La Educación Musical en Argentina

La música en general

Según el autor David Elliot, la música es “esencialmente, un modo de oír los sonidos poderosamente moldeado sobre metáforas impuestas por nuestras respectivas culturales y experiencias psicofisiológias” (Elliot 15). El escuchar música es una experiencia individual que nunca repite el mismo significado, tal como la composición de música es una expresión creativa que ninguna otra persona puede replicar. Una combinación de notas simples puede hacer llorar a una persona o puede inspirar a millones; pero toda música, sin hacerle caso a las emociones que evoca, todo habla al espíritu. De esta manera, no es algo sorprendente que la educación musical tiene lugar en el sistema educativo Argentino. Sin embargo, aunque la música es una parte integral e encantadora del país y la educación musical esta presente, dicha educación es debilitada por algunos problemas que proliferan a lo largo de los programas musicales—la dependencia en ideologías musicales extranjeras, el enfoque de convertir a los alumnos en profesionales, la escasez de fondos para poder apoyar todos los aspectos del mundo musical.

El origen de la educación musical en Argentina

A la llegada de los españoles al nuevo mundo, los conquistadores trajeron con ellos una cultura completamente diferente para los indígenas, y más, impusieron su cultura en ellos, el cual incluyó la música. Nuño Gabriel fue uno de los primeros expedicionarios que introdujo un tipo de música diferente a los caciques de las tribus indígenas. Él entusiasmó a los indígenas con la música europea, pero no sólo los enseñó sino también aprendió mucho sobre su arte, teatro, mitos y música. Es esta la razón que años después, cuando se fundó la Asunción de Paraguay, “este personaje excepcional creó [allí], para los indios guaraníes, la primera escuelita de música de América del Sur” (García Canepa 2).

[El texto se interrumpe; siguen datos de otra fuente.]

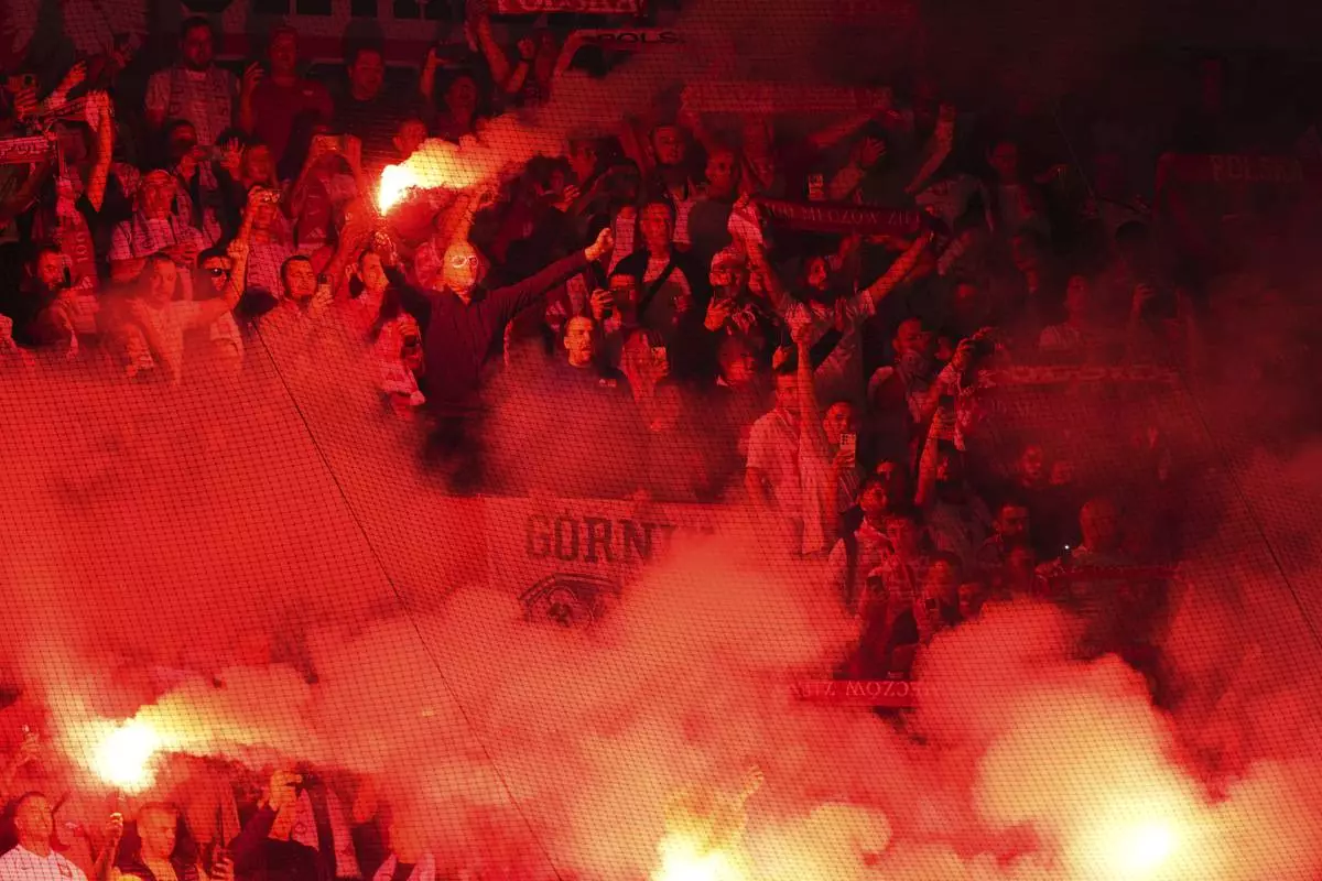 Poland fans light torches during a World Cup qualifying soccer match between the Netherlands and Poland in Rotterdam, Netherlands, Thursday, Sept. 4, 2025. (AP Photo/Peter Dejong)

Durante este siglo, el siglo XVI, los jesuitas también notaron la inclinación hacia la música entre los guaraníes y utilizaron la música en sus misiones para enseñarlos. Originalmente sólo se utilizó la música, especialmente el canto, como un “recurso para la implantación del credo católico” (Fernaud 271), pero eventualmente empezaron a enseñarles música de compositores europeos, les enseñaron a leer notas y a cantar en coros y les enseñaron a tocar y construir flautas. Al fin del siglo, las misiones adquirieron una reputación notable en España por no sólo tocar sino también producir música hermosa. Los europeos fundaron el primer conservatorio en San Ignacio, y para los indios de misiones, la música europea se convirtió en un fenómeno permanente. La incorporaron en su cultura y de buena gana mezclaron las melodías y los ritmos nuevos con los suyos—el cual es un ejemplo de la aceptación del mestizaje. Desde ese momento la educación musical siguió creciendo en importancia en el país. (Fernaud y García Canepa).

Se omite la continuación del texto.